The CRF aims to address one of the long-standing issues in HPC, that is uptake by non-technical users. HPC is a domain with a well-entrenched command-line ethos, unfortunately this does alienate a large cohort of potential users, and that has negative implications for research productivity and collaboration. At Monash, our HPC specialists go to a great deal of effort to ease new users into the CLI (command line interface) environment, however, this is a labour-intensive process that doesn’t catch everybody and often leaves users reliant on individual consultants or team-members.

For some time portals have been the go-to panacea for democratising HPC and scientific computing, and there are some great systems being deployed on the RC, but they still seem to require a large amount of development effort to build and typically cater to a particular domain. Another common issue with “job-management” style portals (including Nimrod’s own ancient CGI beauty) is that they expose and delegate too much information and responsibility to the end user – typically an end user who doesn’t know, or want to know, about the intricacies of the various computational resources. Such mundanities as what credentials they need, which ones are actually working today, etc.

The CRF is different in this respect as it is not a domain-specific interface, instead the Griffith team have taken the approach of concentrating on a minimum set of functionality for some popular HPC and scientific computing applications.

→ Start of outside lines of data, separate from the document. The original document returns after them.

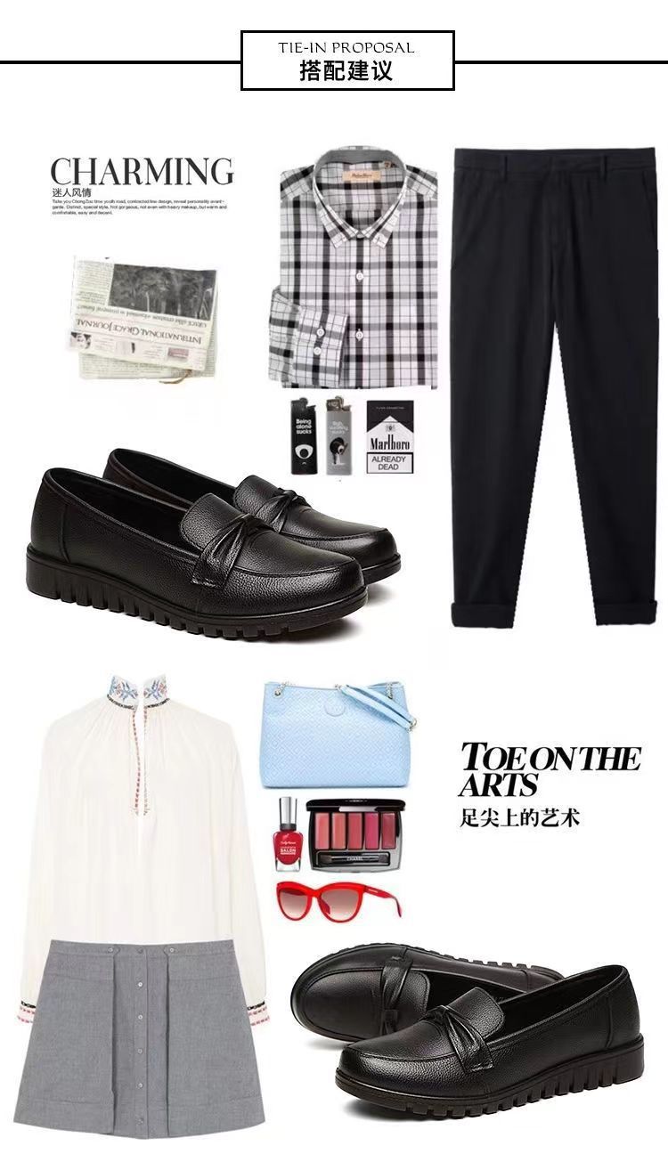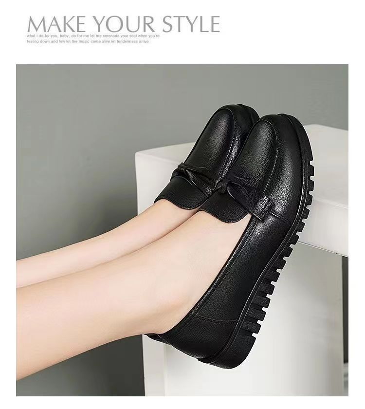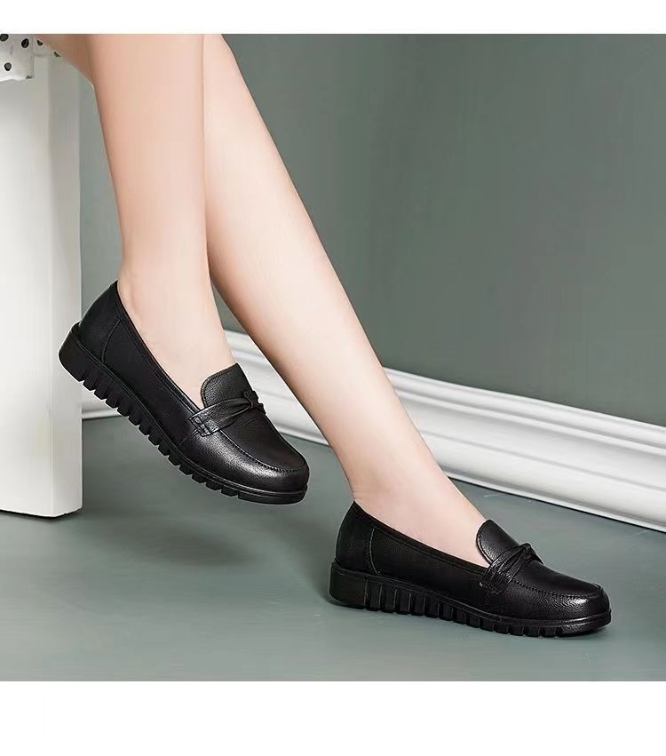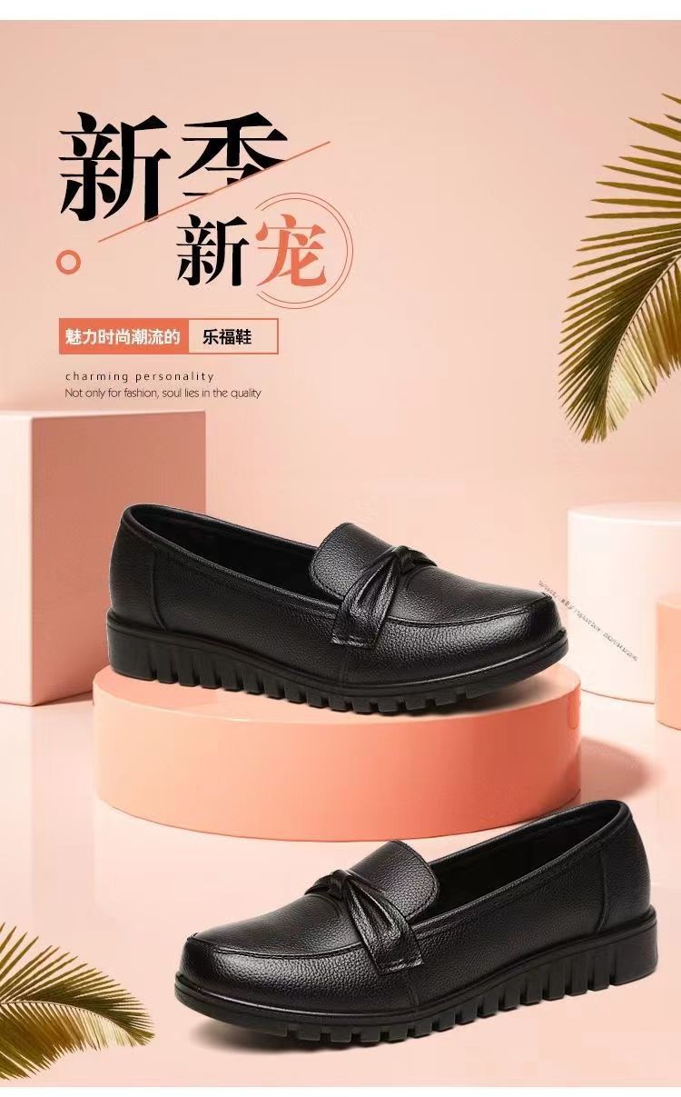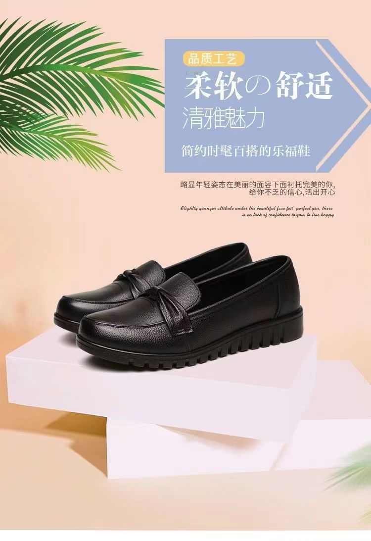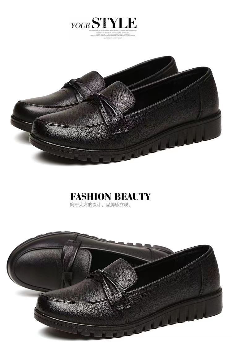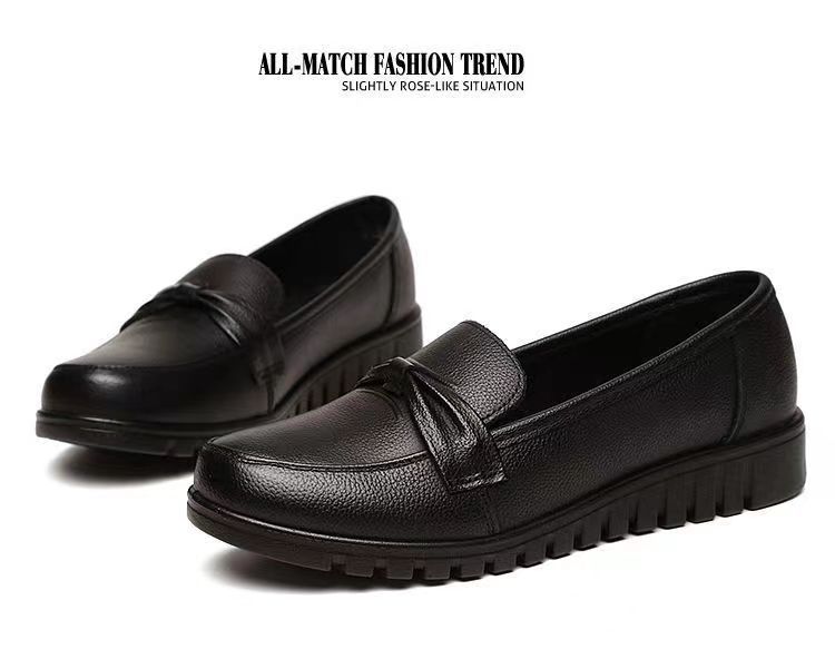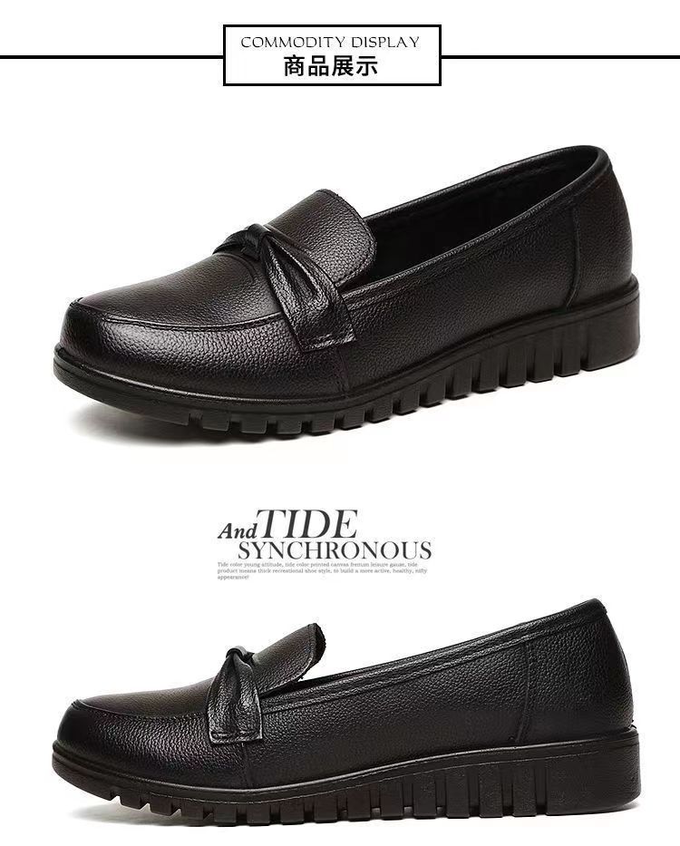 어머니의 신발 부드러운 가죽 부드러운 단독 편안한 중년 및 노인 여성 신발 봄과 가을 플랫 착용 방지 신발 방수 할머니의 가죽 신발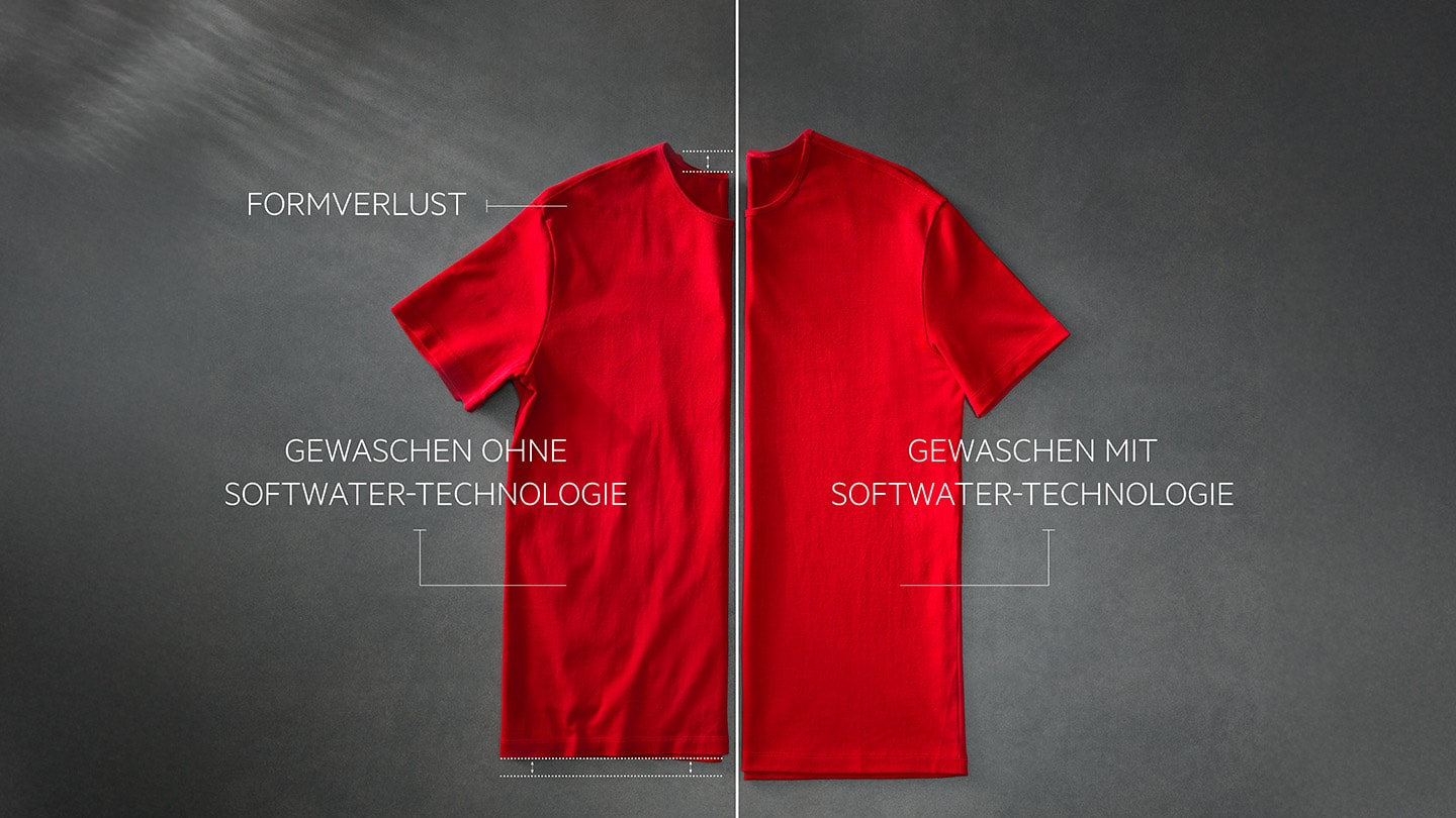 Erhalte das Frisch-gekauft-Gefühl. Die SoftWater-Technologie enthärtet das verwendete Wasser und bewahrt leuchtende Farben*.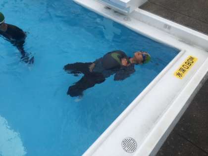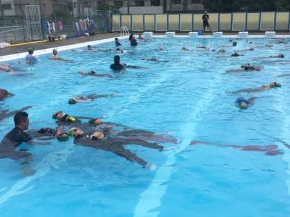 走ったり泳いだりする活動の後は、浮く活動をしました。服を着て仰向けで浮く活動では、いつもと勝手が違うために、いつも上手に浮くことができている児童でも、最初力が入ってしまったり、手足を余計に動かしてしまったりして上手に浮くことができずに苦労している姿が見られました。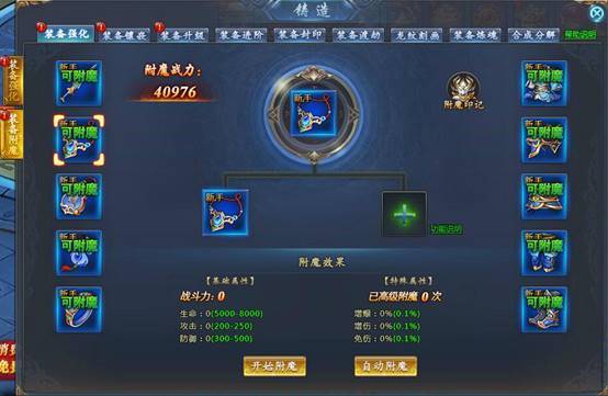 3、全身普通附魔和高级附魔达到一定次数要求可激活附魔印记;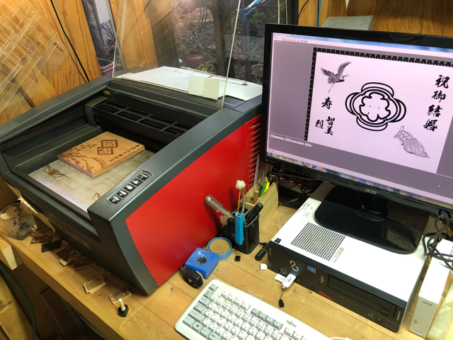 レーザ加工とは、レーザ光を照射した際の熱エネルギーにより、対象物を融解・蒸発させる加工方法のことです。レーザ光は集光性と指向性に優れているため、微細な加工にも最適です。木材、皮革などの製品に、レーザー加工(刻印加工、レーザーカットなど)を施し、文字・家紋入れなどを行います。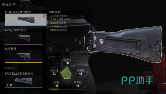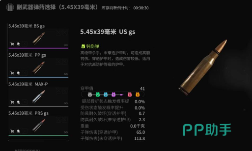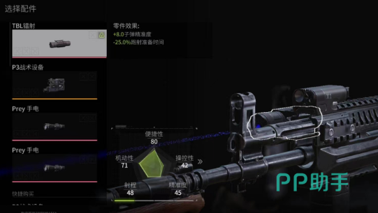 枪托方面我们可以选择较为便宜的蓝色枪托,虽然便宜但是受击上扬和移速都能符合我们的近战要求,瞄具我们可以选择PT6瞄具,这能让我们标记30米内的敌人让其无处遁形,最后就是子弹方面,建议大家选择gs钝伤弹,这样能让我们在面对护甲高的敌人时有直接穿透能力。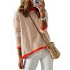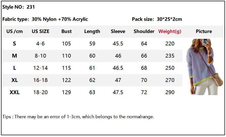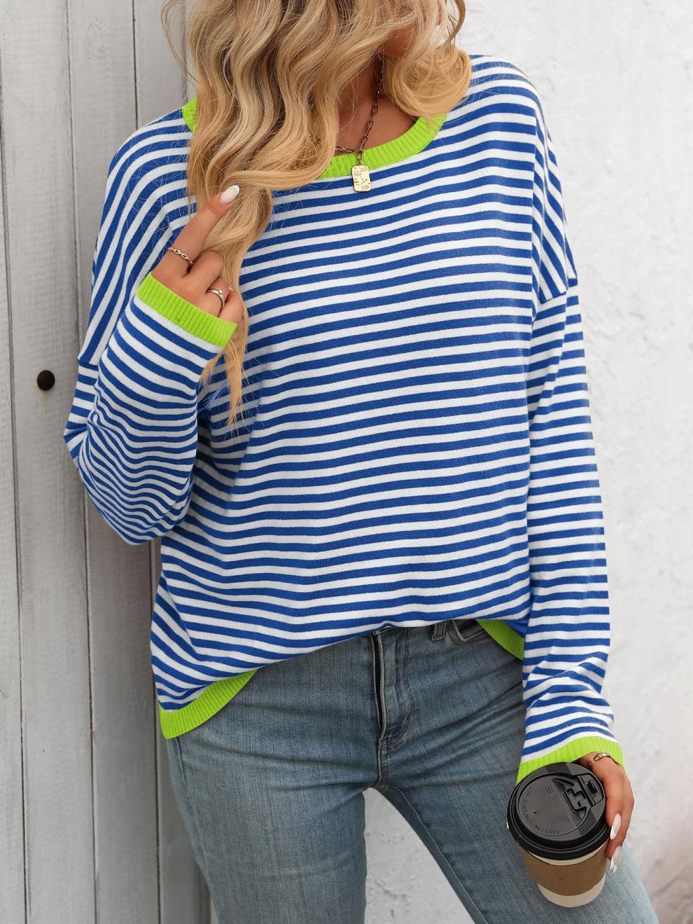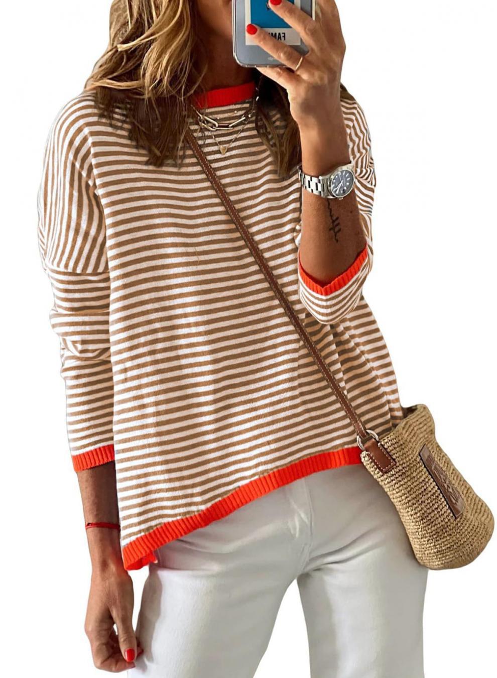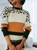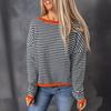 2025 Otoño/Invierno Nuevo Estilo Transfronterizo Moda Europea y Americana para Mujer Damas Cuello Redondo Bloque de Color a Rayas Manga Larga Suéter Casual Top Bloque de Color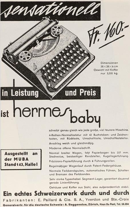 Werbeanzeige für Schreibmaschine Hermes Baby monochrom
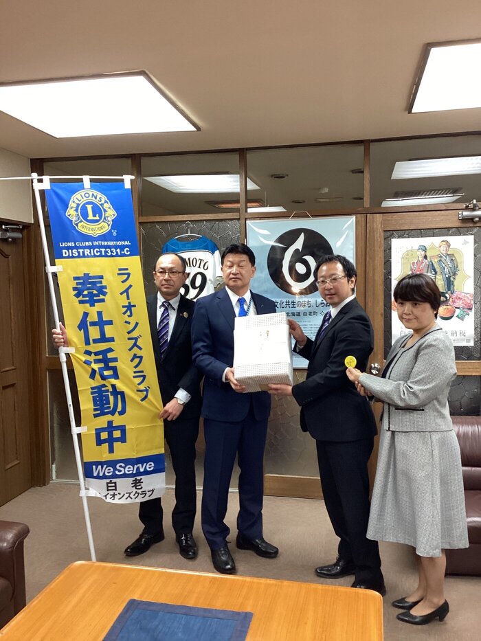 令和4年4月13日町役場を訪れ、町内の4保育園に200個のワッペンを寄贈しました。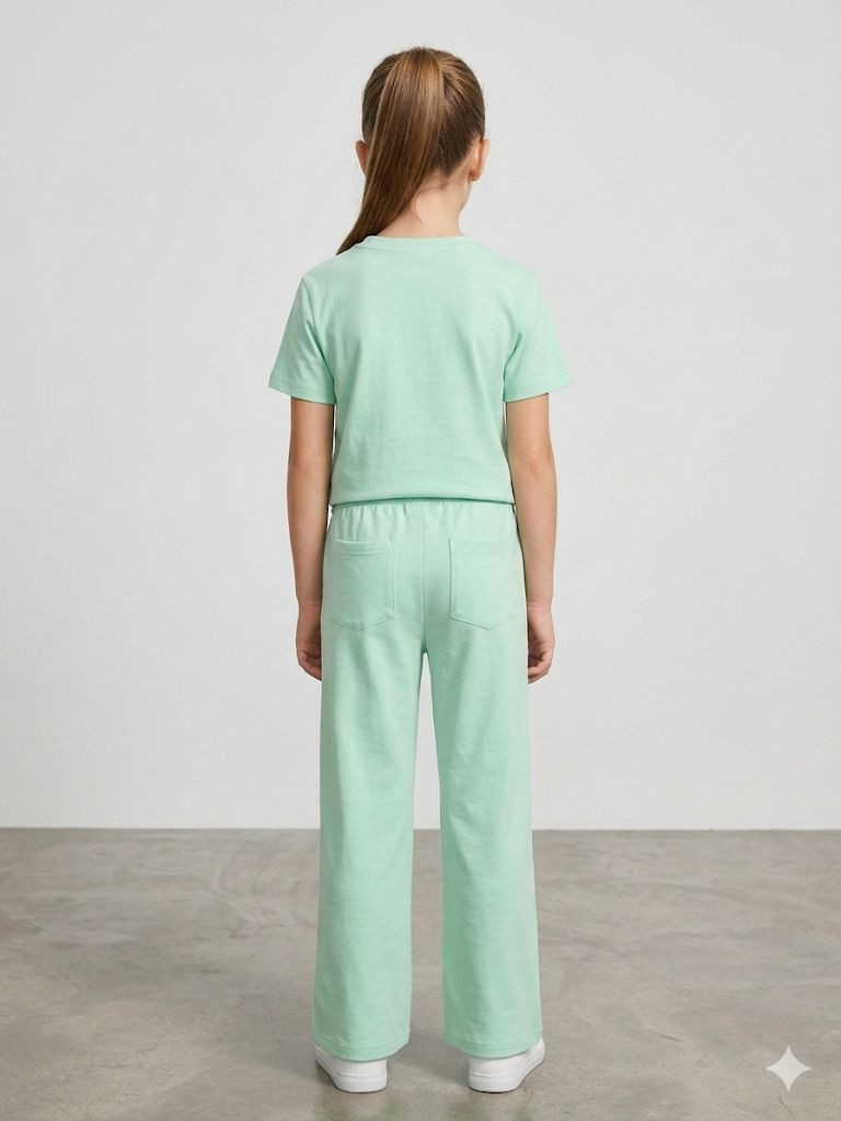 - Color & Fabric: The set is a matching pastel mint green (seafoam). The fabric appears to be a soft cotton or jersey blend, typical for comfortable casual wear.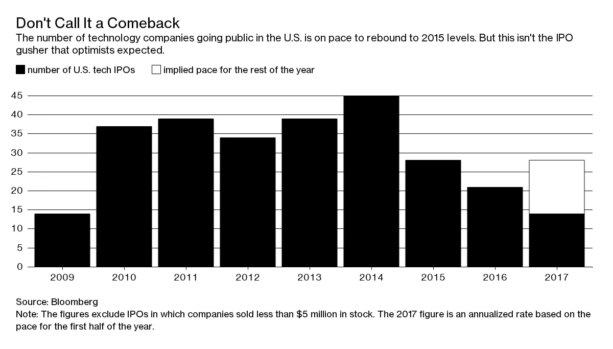在2017年之前就有预测称这将是硅谷大解堵的开始。首次公开募股(IPO)将会有一个大反弹。然而,IPO的表现却平平。根据彭博社的数据,今年到目前为止,美国约有14家科技公司上市。如果这种速度持续下去,IPO的数量将与2015年的相对温和的总数相匹配。这并不是值得自夸的事情。而2016年也被错误预测为科技IPO的辉煌年。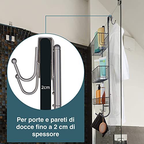 ✅ 3x CESTINI PENDENTI + 8x GANCI: Tre cestini da doccia appesi con traverse aderenti e 6 ganci all'interno + 2 ganci per asciugamani all'esterno: ci sta tutto il necessario per la doccia.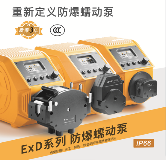 申辰ExD系列防爆蠕動(dòng)泵,是基于防爆標(biāo)準(zhǔn)打造的全新蠕動(dòng)泵品類,同時(shí)達(dá)到Ex db IIC T4 Gb和Ex tb IIIC T130°C Db防爆等級,防護(hù)等級IP66,廣泛應(yīng)用于化工生產(chǎn)、石油、環(huán)保、食品與飲料等領(lǐng)域,為用戶安全生產(chǎn)保駕護(hù)航。

The user just inputs info relevant to the application and the CRF configuration determines where and how the job is run. Currently there are UIs for creating, submitting and managing NAMD, R and MATLAB jobs and sets thereof; AutoDock, Octave and Gaussian are in the works. They’ve put a bunch of effort into building out a web-service in front of Nimrod/G, that layer means their UIs are fairly self-contained bits of php that present an interface and translate inputs into a template Nimrod experiment. The web-service has also enabled them to build some other cool bits and pieces, like experiment submission and results over email.

hpcportal_namd_sm

Using Nimrod/G as the back-end resource meta-scheduler means the CRF can intermingle jobs over the local cluster and burst or overflow into the NeCTAR Research Cloud, and that’s the focus of the Monash & Griffith collaboration for this project. We’re now looking to implement scheduling functionality that will make it possible to put simple policies on resources, e.g., use my local cluster but if jobs don’t start within 30 mins then head to the cloud. There should be some updates following in that area after the eResearch conference!